From the records below, transcribe exactly the lines that begin at the line with "La varietà White" and end at the line with "說起這段打工經(jīng)歷", both included.

___ Available data

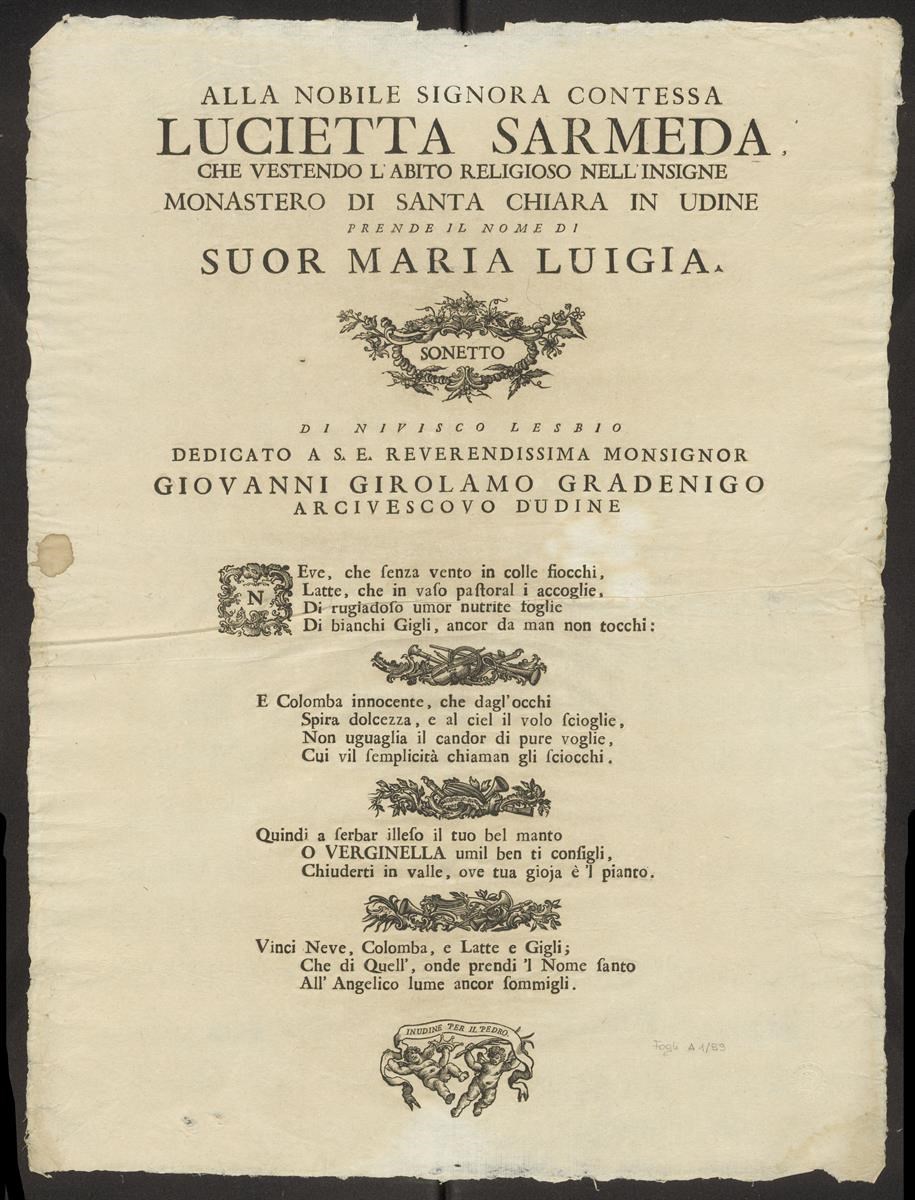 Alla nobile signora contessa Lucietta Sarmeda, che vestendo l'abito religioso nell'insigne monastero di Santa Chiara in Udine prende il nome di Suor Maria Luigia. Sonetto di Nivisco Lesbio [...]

______
___ Available data

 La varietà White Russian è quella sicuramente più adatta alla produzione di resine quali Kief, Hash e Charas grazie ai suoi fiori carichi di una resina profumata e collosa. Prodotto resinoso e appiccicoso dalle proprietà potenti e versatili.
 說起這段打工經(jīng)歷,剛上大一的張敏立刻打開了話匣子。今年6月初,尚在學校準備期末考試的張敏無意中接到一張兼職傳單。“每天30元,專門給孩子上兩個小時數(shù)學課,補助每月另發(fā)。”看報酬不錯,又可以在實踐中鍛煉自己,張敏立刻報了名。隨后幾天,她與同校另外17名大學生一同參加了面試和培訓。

______

### Finished exercise
 La varietà White Russian è quella sicuramente più adatta alla produzione di resine quali Kief, Hash e Charas grazie ai suoi fiori carichi di una resina profumata e collosa. Prodotto resinoso e appiccicoso dalle proprietà potenti e versatili.
 說起這段打工經(jīng)歷,剛上大一的張敏立刻打開了話匣子。今年6月初,尚在學校準備期末考試的張敏無意中接到一張兼職傳單。“每天30元,專門給孩子上兩個小時數(shù)學課,補助每月另發(fā)。”看報酬不錯,又可以在實踐中鍛煉自己,張敏立刻報了名。隨后幾天,她與同校另外17名大學生一同參加了面試和培訓。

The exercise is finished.